• _EXERCISE AIM_: When you reach the line in the listing below that contains "и надевать обувь.", begin returning lines exactly as written, and stop after the line that contains "A kertben gyepszőnyeg, illetve". Return no other lines.

Segment Start: DATA EXTRACT

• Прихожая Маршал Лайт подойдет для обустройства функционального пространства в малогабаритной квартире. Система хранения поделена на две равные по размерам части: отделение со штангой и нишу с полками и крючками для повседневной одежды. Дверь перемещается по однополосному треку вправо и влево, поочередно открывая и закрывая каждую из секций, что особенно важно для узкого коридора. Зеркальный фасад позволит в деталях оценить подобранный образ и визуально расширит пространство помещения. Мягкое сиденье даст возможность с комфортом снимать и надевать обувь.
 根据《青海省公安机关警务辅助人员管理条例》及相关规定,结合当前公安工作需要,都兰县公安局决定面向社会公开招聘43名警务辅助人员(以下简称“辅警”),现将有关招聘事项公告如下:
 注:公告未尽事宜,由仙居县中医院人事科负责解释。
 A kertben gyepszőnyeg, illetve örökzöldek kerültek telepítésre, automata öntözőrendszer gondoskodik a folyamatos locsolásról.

Segment End: DATA EXTRACT
Segment Start: DATA EXTRACT

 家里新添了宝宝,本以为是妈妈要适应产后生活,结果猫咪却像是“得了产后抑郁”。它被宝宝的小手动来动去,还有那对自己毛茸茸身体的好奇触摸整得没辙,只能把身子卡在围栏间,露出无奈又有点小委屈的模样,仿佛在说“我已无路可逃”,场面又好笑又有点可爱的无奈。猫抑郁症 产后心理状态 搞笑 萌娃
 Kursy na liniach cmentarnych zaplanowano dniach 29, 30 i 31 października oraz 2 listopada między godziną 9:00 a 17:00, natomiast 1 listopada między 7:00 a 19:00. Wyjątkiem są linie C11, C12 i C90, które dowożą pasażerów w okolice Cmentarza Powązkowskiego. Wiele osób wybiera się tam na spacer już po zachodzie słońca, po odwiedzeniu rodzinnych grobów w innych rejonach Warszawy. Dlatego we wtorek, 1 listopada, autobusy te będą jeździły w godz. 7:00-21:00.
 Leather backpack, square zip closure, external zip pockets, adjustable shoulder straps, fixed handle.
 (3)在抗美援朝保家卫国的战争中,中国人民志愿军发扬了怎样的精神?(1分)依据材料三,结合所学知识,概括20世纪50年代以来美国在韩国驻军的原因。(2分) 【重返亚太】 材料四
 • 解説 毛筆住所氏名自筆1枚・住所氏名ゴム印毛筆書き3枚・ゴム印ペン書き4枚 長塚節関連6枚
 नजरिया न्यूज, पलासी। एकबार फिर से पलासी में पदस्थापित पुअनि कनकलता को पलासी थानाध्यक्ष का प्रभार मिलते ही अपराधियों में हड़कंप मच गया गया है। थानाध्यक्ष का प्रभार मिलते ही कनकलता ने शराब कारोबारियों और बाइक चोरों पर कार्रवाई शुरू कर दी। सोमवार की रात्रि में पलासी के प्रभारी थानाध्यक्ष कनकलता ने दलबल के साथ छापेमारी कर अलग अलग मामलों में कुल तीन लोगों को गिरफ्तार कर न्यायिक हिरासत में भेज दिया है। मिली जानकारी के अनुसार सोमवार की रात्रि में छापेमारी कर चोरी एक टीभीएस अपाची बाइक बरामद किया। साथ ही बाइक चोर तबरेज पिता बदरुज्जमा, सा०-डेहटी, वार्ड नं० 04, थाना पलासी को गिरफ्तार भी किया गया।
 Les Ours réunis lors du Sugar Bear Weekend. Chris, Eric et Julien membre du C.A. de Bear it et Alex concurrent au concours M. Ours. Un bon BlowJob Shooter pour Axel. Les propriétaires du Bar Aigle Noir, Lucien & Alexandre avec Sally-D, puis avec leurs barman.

Segment End: DATA EXTRACT
Segment Start: DATA EXTRACT

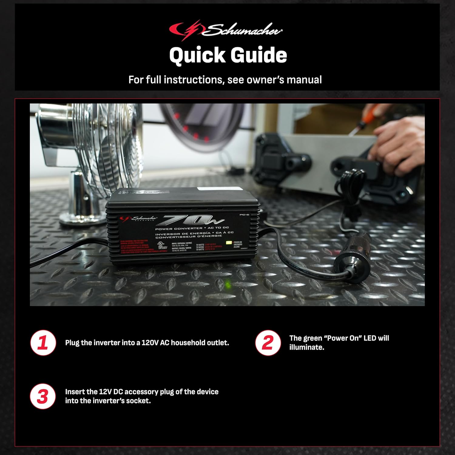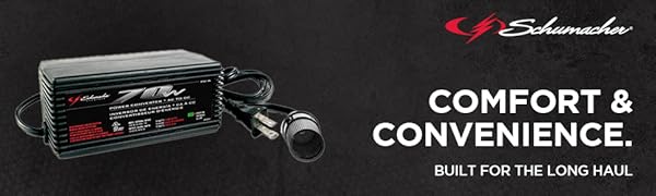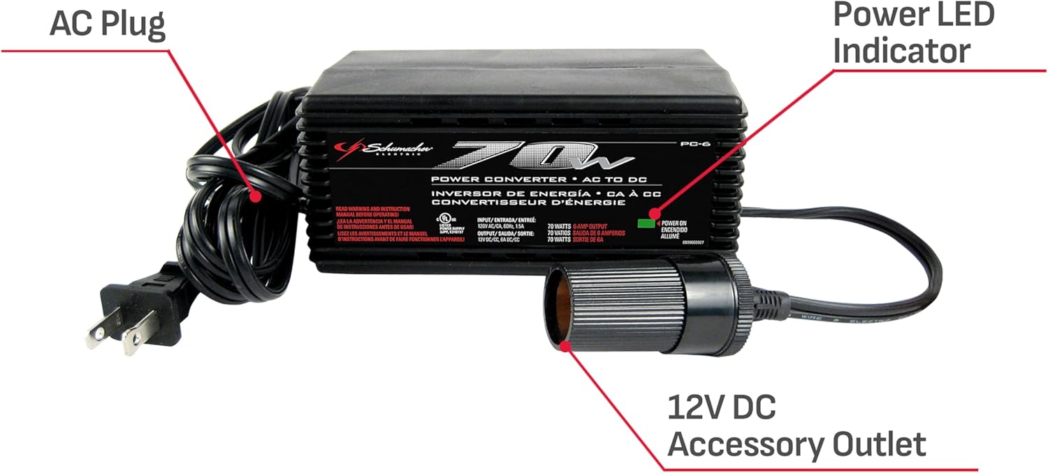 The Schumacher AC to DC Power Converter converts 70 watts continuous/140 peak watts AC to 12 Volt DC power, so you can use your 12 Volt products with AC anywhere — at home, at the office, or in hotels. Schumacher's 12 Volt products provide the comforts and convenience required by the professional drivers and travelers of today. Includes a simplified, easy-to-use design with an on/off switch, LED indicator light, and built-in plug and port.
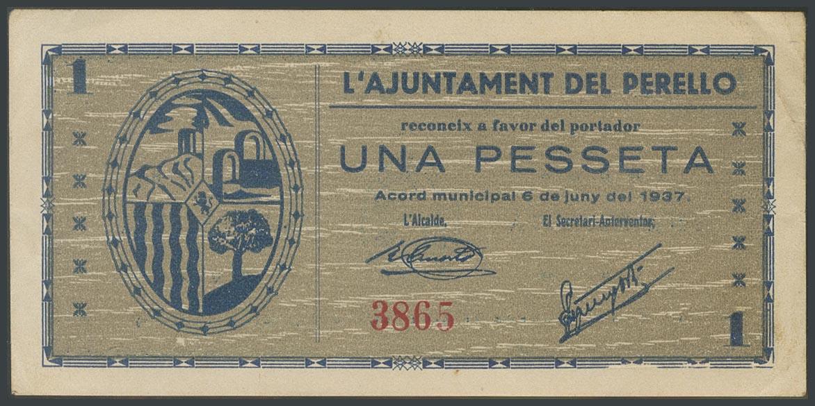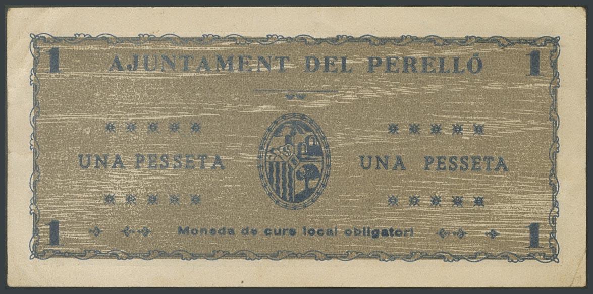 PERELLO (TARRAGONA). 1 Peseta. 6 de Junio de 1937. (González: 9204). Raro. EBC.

Segment End: DATA EXTRACT

• _YOUR RESPONSE_:
• Прихожая Маршал Лайт подойдет для обустройства функционального пространства в малогабаритной квартире. Система хранения поделена на две равные по размерам части: отделение со штангой и нишу с полками и крючками для повседневной одежды. Дверь перемещается по однополосному треку вправо и влево, поочередно открывая и закрывая каждую из секций, что особенно важно для узкого коридора. Зеркальный фасад позволит в деталях оценить подобранный образ и визуально расширит пространство помещения. Мягкое сиденье даст возможность с комфортом снимать и надевать обувь.
 根据《青海省公安机关警务辅助人员管理条例》及相关规定,结合当前公安工作需要,都兰县公安局决定面向社会公开招聘43名警务辅助人员(以下简称“辅警”),现将有关招聘事项公告如下:
 注:公告未尽事宜,由仙居县中医院人事科负责解释。
 A kertben gyepszőnyeg, illetve örökzöldek kerültek telepítésre, automata öntözőrendszer gondoskodik a folyamatos locsolásról.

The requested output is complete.